Commentary

Bubble or Boom, Silicon Valley Is Crazy Again

At last week's Web 2.0 Summit here in San Francisco, there was a dizzying array of product announcements, number-dropping (and name-dropping, natch), and the launch of more than a few promising start-ups. 

Dubbed "Points of Control," the conference was its usual whirlwind of activity, but the centerpiece of the three-day event was a conversation between Kleiner Perkins' John Doerr and Union Square Ventures' Fred Wilson.  While one described the current environment of venture-backed innovation as a "boom" and the other a "bubble," both agree something big is afoot.

Doerr said that we're in the middle of a huge third wave of innovation and, moreover, that today's entrepreneurs are better and the ideas are better than ever before.  The combination of smart phones and the social graph, he said, and the friction-free way that consumers can behave within these environments makes this time more exciting than any previous one.  Wilson added that nothing great is ever created without irrational exuberance.  

Though all this renewed exuberance is or will be good for everyone, it seems clear it will be particularly good for advertisers.  As I've said in previous columns, I also see opportunities for search marketers, both in terms of the work we do today and in the ways in which the scope of our work will shift as a result of so much innovation.

Google alone is nearly impossible to keep up with. If Google announces one more new product, innovation, or feature introduction, my head may explode. My colleague Kaila Colbin wrote compellingly in this space about Google's growing omnipresence, and last week Gord Hotchkiss showed how the right rail of ads on search results pages may be becoming extinct, among other seismic shifts in Google's core search product.  And yet, amazingly, these seem only to be the tip of the iceberg. 
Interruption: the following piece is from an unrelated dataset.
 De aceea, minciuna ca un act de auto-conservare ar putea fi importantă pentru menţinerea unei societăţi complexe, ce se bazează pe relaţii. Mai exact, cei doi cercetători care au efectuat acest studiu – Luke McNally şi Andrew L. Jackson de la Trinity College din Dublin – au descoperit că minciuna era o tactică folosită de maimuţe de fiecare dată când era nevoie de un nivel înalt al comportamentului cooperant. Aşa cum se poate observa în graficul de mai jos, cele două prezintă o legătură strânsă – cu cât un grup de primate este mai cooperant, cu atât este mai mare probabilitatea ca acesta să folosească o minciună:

Doerr said repeatedly in his talk that Amazon, Google, Facebook and Apple are the drivers of the Internet (Amazon is the cloud and commerce; Google is search, productivity and mobile; Apple is mobile, entertainment and apps; and Facebook is the social graph.)  But because Google drives search, and its search results increasingly integrate commerce, entertainment and the social graph, it is in the cat-bird seat. 

On top of this layer of Web infrastructure are a growing host of important players in their own right.  Consider these numbers: 

  • Twitter is generating about $100,000 per day via its "Promoted Suite" line of advertising products. 
  • LinkedIn is adding one new member per second and has 85 million users (which would be a more impressive number if Facebook didn't have more than 500 million...) 
  • Yahoo serves 18 billion ads per day.
  • The Zappos CEO has only three pairs of shoes.
  • Zero: Microsoft's new Kinect is very likely sold out for the holidays even as I write this column. 
  • More than 420 million people in China now have Internet access, and 99% of them use Baidu. 
  • In about five years, most households will have some form of IPTV. 
  • Zynga's Frontierville has 650,000 same-sex marriages (oh: and 320 million people worldwide have played their games.)  And they're just three years old, a billion-dollar company and profitable.
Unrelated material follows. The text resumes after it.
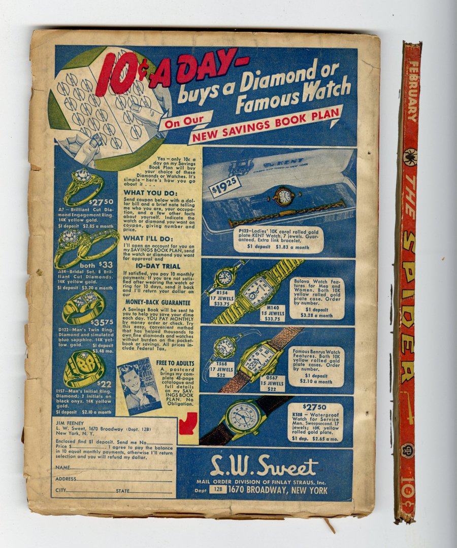 Feb. 1942; 'Murder's Legoinnaires' Spider novel by Norvell W. Page (as Grant Stockbridge); 'The Dolls from Hell' Doc Turner story by Arthur Leo Zagat

    The big, overarching take-away message from Web 2.0 Summit, however, is that mobile is a monster market trend, as Doerr put it, and is just getting started.  If we're in a bubble / boom, it's because everyone is rethinking every service and every function in an increasingly networked and mobile economy.

    Another trend is the war for talent.  While the rest of the country may be suffering 9% unemployment, employers in the Bay Area and New York are struggling to find and acquire talented, experienced people to work in proliferating, fast-growing venture-backed companies. 

    It's clear that with a computer in nearly every person's pocket, combined with a growing social graph, all aided and abetted by search, the opportunities for advertisers -- and everyone -- are more abundant than ever on the booming, bubbly Web.